Read The Battle for Terra Two Online
Authors: Stephen Ames Berry
Tags: #Science Fiction, #Fiction, #General
"Terra Two. You've all memorized the Maximus complex map. We'll come into the portal building, seize it, then break out and regroup.
"If separated, you must make first rendezvous within one Terran hour. Otherwise, we'll be gone.
"Any more questions
"Very well. Luck to you. To the boats."
John watched through the shuttle's window as
Implacable
shrank to just another unwinking light among billions. He lost it as the craft breached the atmosphere.
"What did L'Wrona mean by indigenous Terran forces?" he asked, turning to Sutherland.
The two sat together aft. At John's question, he began adjusting his chair monitor's flawless picture, transforming a perfect forward scan of North America to a brown-blue blur.
"Marines, mostly," he said. "Some armed by the K'Ronarins and disguised by us, some coming in high and slow to keep the S'Cotar busy."
"Mostly?"
Sutherland looked up from scan. "All but one very sick, brave man to distract gate security. A man with 'Big C who insisted on one last performance, battling alien hordes."
"Bob," said John softly.
Sutherland nodded.
"He hasn't been feeling well
..."
"Two, three months left at the most," said Sutherland. "Metastasized throughout his body. He had a brief remission, but it's fading."
"I've got to see him," said John desperately. "You know how many times I wanted to drop out of grad school?
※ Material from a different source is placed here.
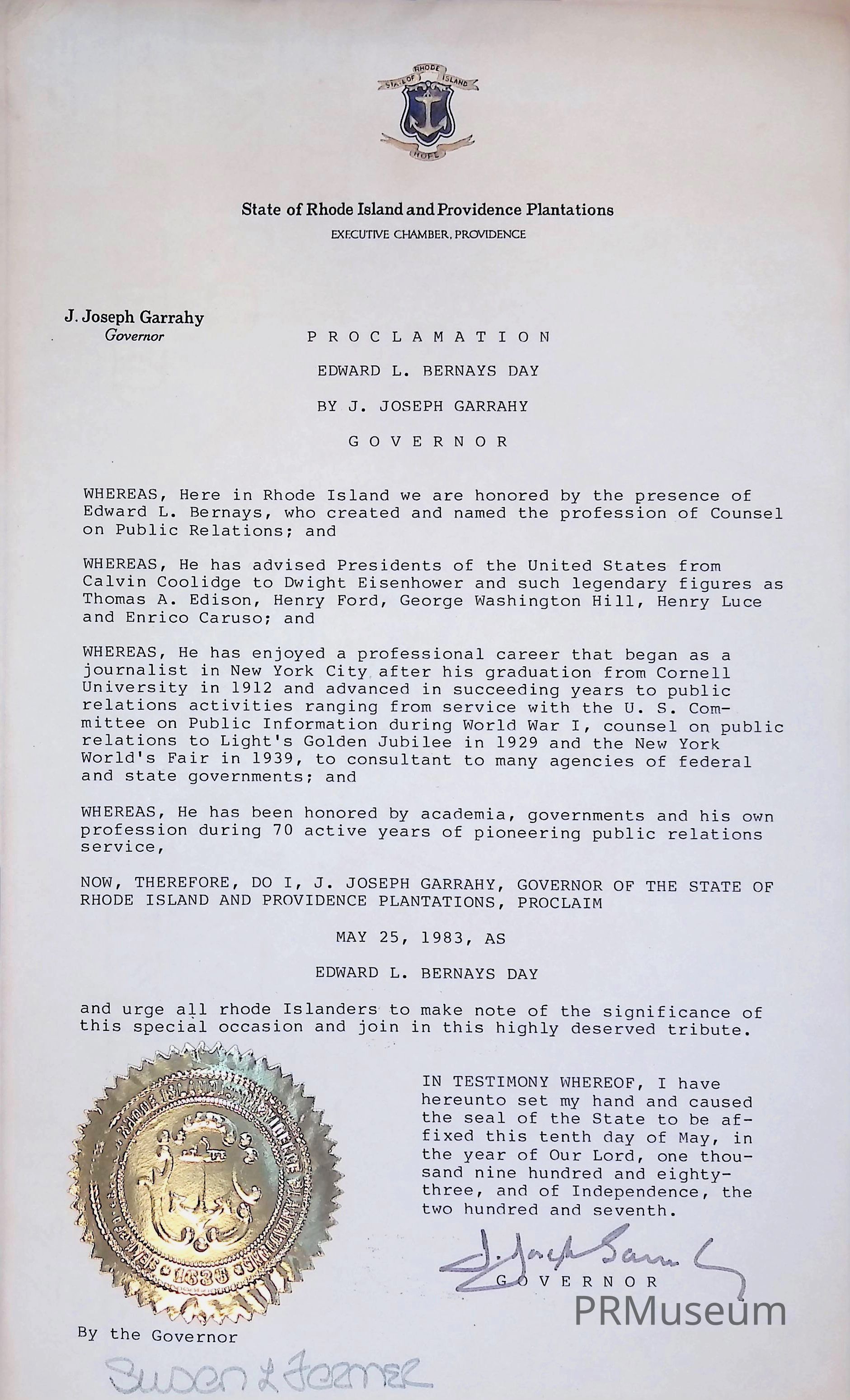 Edward Bernays Day Proclamation 052583Entry/Object ID
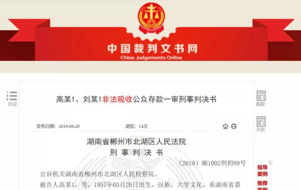 9月26日,湖南郴州市北湖區(qū)人民法院作出一審判決:被告人高某犯非法吸收公眾存款罪,判處有期徒刑二年,緩刑二年,并處罰金三萬元;被告人劉某犯非法吸收公眾存款罪,判處有期徒刑一年,緩刑一年,并處罰金一萬元。

How many times he bullied and cajoled me into staying, into working harder?"
Sutherland shook his head. "His contingent's leaving from a different point than yours or mine. There's no time."
"But he's my oldest friend!"
"He asked me to give you this," said Sutherland, handing over a white envelope.
Opening it, John slipped out the piece of white note-paper and read aloud the message, firmly penned by a strong hand:
Dear John,
You know me—no romantic palliatives: no harps, no heaven, no gentle Jesus. Ask my daughter to have them carve the stone with this, from John Donne:
Churches are best for prayer that have least light: To see God only, I go out of sight; And to 'scape stormy days, I choose An everlasting night.
Your friend always, Robert J. McShane
Turning into the empty dirt parking lot, the big silver-and-green bus crunched over the acorns, stopping beneath a stand of oak. "Fairfax Charters" read the lettering above the trim. From across the high white-picket fence, a calliope played.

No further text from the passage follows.